The RESCUE trial demonstrated that targeting the IL-6 ligand "has large effects on multiple critical biomarkers related to inflammation and thrombosis and that the approach appears to be safe, albeit in a modestly sized 24-week trial," Dr. Paul Ridker of Brigham and Women's Hospital in Boston told Reuters Health by email.
"The critical issue," he said, "is that the RESCUE data have directly resulted in the launch of a new 6,000 participant cardiovascular outcomes trial known as ZEUS (Ziltivekimab Cardiovascular Outcomes Study) that will address whether or not this novel anti-inflammatory approach can reduce major adverse cardiovascular event rates."
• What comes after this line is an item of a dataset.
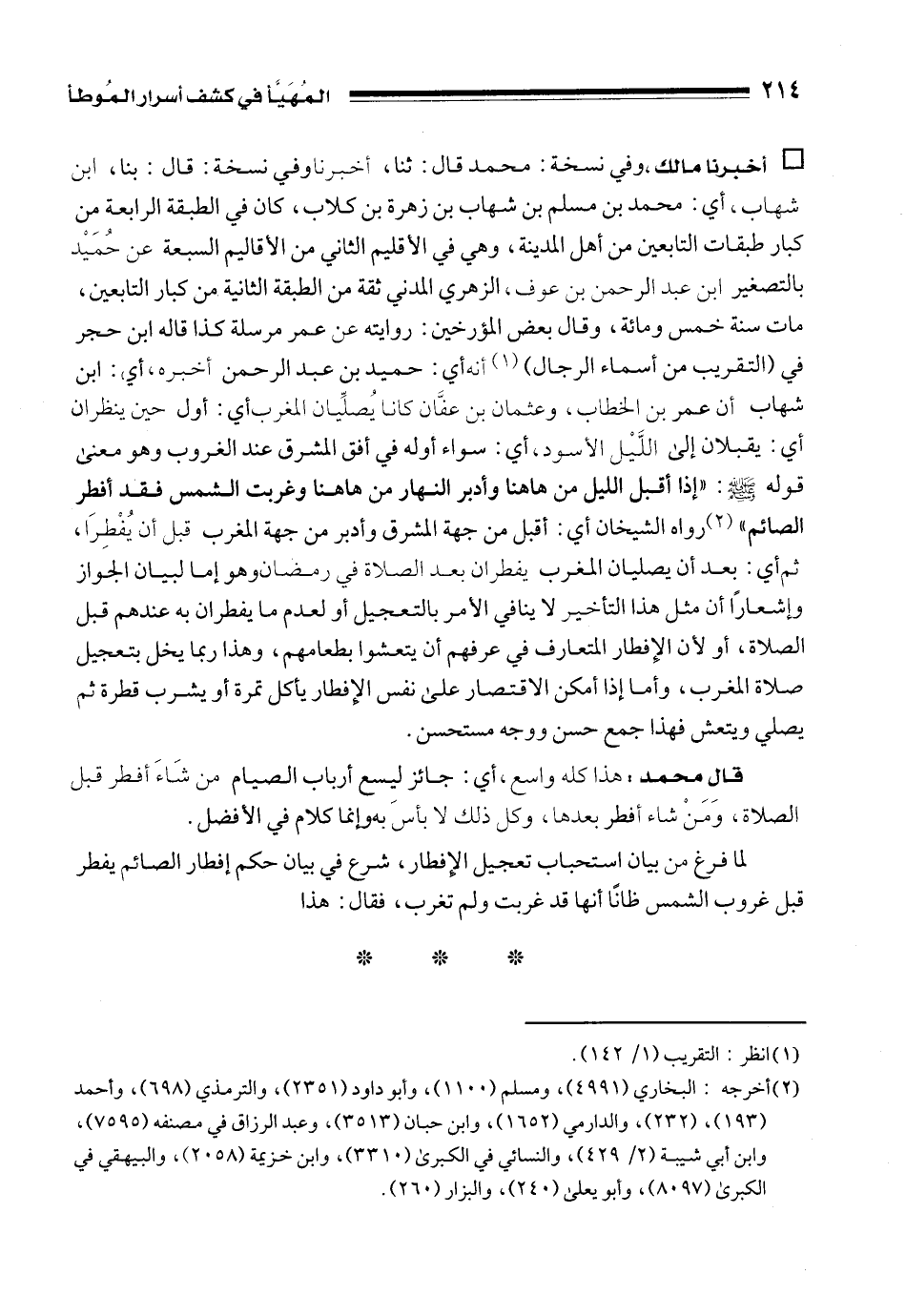 • أخبرنا مالك، وفي نسخة: محمد قال: ثنا، أخبرنا وفي نسخة: قال: بنا، ابن شهاب، أي: محمد بن مسلم بن شهاب بن زهرة بن كلاب، كان في الطبقة الرابعة من كبار طبقات التابعين من أهل المدينة، وهي في الإقليم الثاني من الأقاليم السبعة عن حُمَيْد بالتصغير ابن عبد الرحمن بن عوف، الزهري المدني ثقة من الطبقة الثانية من كبار التابعين، مات سنة خمس ومائة، وقال بعض المؤرخين: روايته عن عمر مرسلة كذا قاله ابن حجر في (التقريب من أسماء الرجال) (¬1) أنه أي: حميد بن عبد الرحمن أخبره، أي: ابن شهاب أن عمر بن الخطاب، وعثمان بن عفَّان كانا يُصلِّيان المغرب أي: أول حين ينظران أي: يقبلان إلي اللَّيْل الأسود، أي: سواء أوله في أفق المشرق عند الغروب وهو معنى قوله - صلى الله عليه وسلم -: "إذا أقبل الليل من ها هنا وأدبر النهار من ها هنا وغربت الشمس فقد أفطر الصائم" (¬2) رواه الشيخان أي: أقبل من جهة المشرق وأدبر من جهة المغرب قبل أن يُفْطِرَا، ثم أي: بعد أن يصليان المغرب يفطران بعد الصلاة في رمضان وهو إما لبيان الجواز وإشعارًا أن مثل هذا التأخير لا ينافي الأمر بالتعجيل أو لعدم ما يفطران به عندهم قبل الصلاة، أو لأن الإِفطار المتعارف في عرفهم أن يتعشوا بطعامهم، وهذا ربما يخل بتعجيل صلاة المغرب، وأما إذا أمكن الاقتصار على نفس الإِفطار يأكل تمرة أو يشرب قطرة ثم يصلي ويتعش فهذا جمع حسن ووجه مستحسن.

ZEUS will enroll patients similar to those in RESCUE, he said. "This group has substantial unmet clinical need, is often excluded from major cardiovascular outs-comes trials, yet is a group where the inflammatory process is of greater relative importance than that of cholesterol."
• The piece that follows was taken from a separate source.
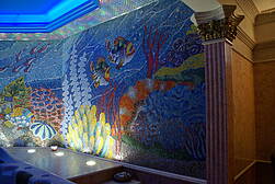В цоколе – домашний кинотеатр, бильярдная, совмещенная с баром, spa-зона с хаммамом, джакузи, гидромассажным душем, массажными столом и креслом, гардеробной комнатой; технические помещения – домашняя прачечная, гладильная комната, бытовая мойка, гардеробная для сезонной одежды, бойлерная, вентиляционная – с выходом в гараж, техническая комната-”мультирум”, две отапливаемые комнаты, оборудованные системой естественной приточно-вытяжной вентиляции с выходом на улицу. Все помещения цокольного этажа имеют высокие открывающиеся окна и оснащены приточно-вытяжной вентиляцией.

As reported in The Lancet and at the American College of Cardiology's 70th Annual Scientific Session on May 17, the RESCUE trial enrolled 264 adults in clinical sites across the US with moderate-to-severe chronic kidney disease, and high-sensitivity C-reactive protein (hsCRP) of at least 2 mg/L.
Participants received subcutaneous ziltivekimab 7.5 mg, 15 mg, or 30 mg or placebo every four weeks up to 24 weeks. The primary outcome was percentage change from baseline in hsCRP after 12 weeks of treatment with ziltivekimab compared with placebo.
At 12 weeks after randomization, median hsCRP levels were reduced by 77% in the 7.5 mg group, 88% in the 15 mg group, and 92% in the 30 mg group, compared with 4% in the placebo group.
Effects were stable over the 24-week treatment period, and dose-dependent reductions were also seen for fibrinogen, serum amyloid A, haptoglobin, secretory phospholipase A2, and lipoprotein(a).
Ziltivekimab was well tolerated and did not affect the total cholesterol to high-density lipoprotein cholesterol ratio.
No serious injection-site reactions, sustained grade 3 or 4 neutropenia or thrombocytopenia were reported.
Dr. Ridker said, "My prediction is that, 10 years from now, virtually all patients with atherosclerosis will be receiving a combination of aggressive lipid-lowering and aggressive inflammation-lowering therapies."
Dr. Anne Tybjaerg-Hansen of the University of Copenhagen, coauthor of a related editorial, commented in an email to Reuters Health, "Lipoprotein(a) levels increase in the earliest stages of kidney impairment even before GFR decreases, and GFR is inversely associated with plasma lipoprotein(a) levels."
"Therefore, in patients with CKD, a 25% lowering of lipoprotein(a), as observed in the RESCUE trial, might contribute to a reduction in atherothrombotic events in these patients, despite no apparent overall improvement in eGFR or urine albumin-to-creatinine ratio in the present study."
Major strengths of the study, she said, "are that the population selected were patients at high cardiovascular risk with CKD and increased high-sensitivity CRP, reflecting a group in whom IL-6 levels correlate with severity of renal impairment and level of atherosclerotic risk."
"Limitations," she noted, "include the small sample size, the modest duration of the trial, and the restriction of the study sites to the US."
Novo Nordisk affirmed in an email to Reuters Health, "Based on the results of the phase 2 trial, Novo Nordisk is planning to progress investigational ziltivekimab to a large-scale phase 3 cardiovascular outcomes trial to further assess its potential benefit in people with atherosclerotic cardiovascular disease, advanced CKD and high levels of inflammation. The trial will initiate in the second half of 2021.
The study was originally sponsored by Corvidia Therapeutics and, subsequent to a takeover, by Novo Nordisk. Four coauthors were employees of the former, four are employees of the latter, and two coauthors received fees from the companies.